# Speedport W700V als Brücke oder Repeater nutzen



## TheNeon26 (30. Oktober 2011)

*Speedport W700V als Brücke oder Repeater nutzen*

Hallo Leute ich würde gerne meinen W700V hinter meinen W921V schalten um ihn als Brücke zu benutzen und
mit dem W700V W-Lan auszustrahlen.
Aber wie soll ich dass machen 

Weitere Fragen bitte einfach schreiben.


----------



## TheNeon26 (30. Oktober 2011)

*AW: Speedport W700V als Brücke oder Repeater nutzen*

Sorry hab ausversehen 700 geschrieben


----------



## Heretic (1. November 2011)

*AW: Speedport W700V als Brücke oder Repeater nutzen*

Da sich hier keiner meldet , versuche ich mich mal dran , dir eine Lösung anzubieten.
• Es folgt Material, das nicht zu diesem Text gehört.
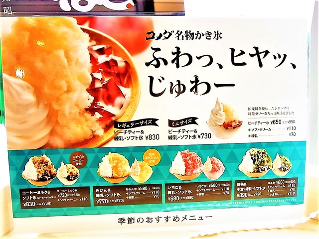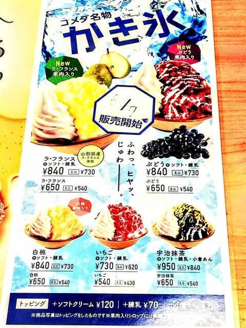 さて、メニューを検討。かき氷 始まっている。

Ich kenne mich nicht so gut mit den Telekom dingern aus daher müsstest du uns einmal sagen ob folgendes geht:

Normal sind Router so eingestellt , das sie mittels eingegebenen Daten sich selbst ins Internet einwählen. 
(Gegenteil wäre die Einstellung als Modem [Gateway] das sich jedes Endbenutzer Gerät an dem Router selbsteinwählen müsste)

Daher müsstest du versuchen den WLAN Router so umzustellen , das er sich nicht einwählt sondern nur das Internet weiterleitet.

Wenn das nicht geht. Müsstest du den Umgekehrten weg gehen. Und bei deinem Normalen Aktuellen Router versuchen von Einwahl auf "Modem umzustellen".
Dann leitet der Router nur das Inet weiter und jeder der an diesem Router angeschlossen ist muss sich selbstständig einwählen. Was ja dann der WLAN Router schaffen sollte. Und das Inet ausstrahlen kann wie du das möchtest.

Sind beide wege mit der Telekom version dieser Router nicht möglich , gibt es keine Möglichkeit dein Vorhaben zu realisieren. Dann wärst du gezwungen dir einen Router zu kaufen der nicht Firmen gebunden ist . Diese können eigendlich so gut wie alle an einem LAN netzwerk angeschlossen werden und das Internet ohne einwahl weiterleiten.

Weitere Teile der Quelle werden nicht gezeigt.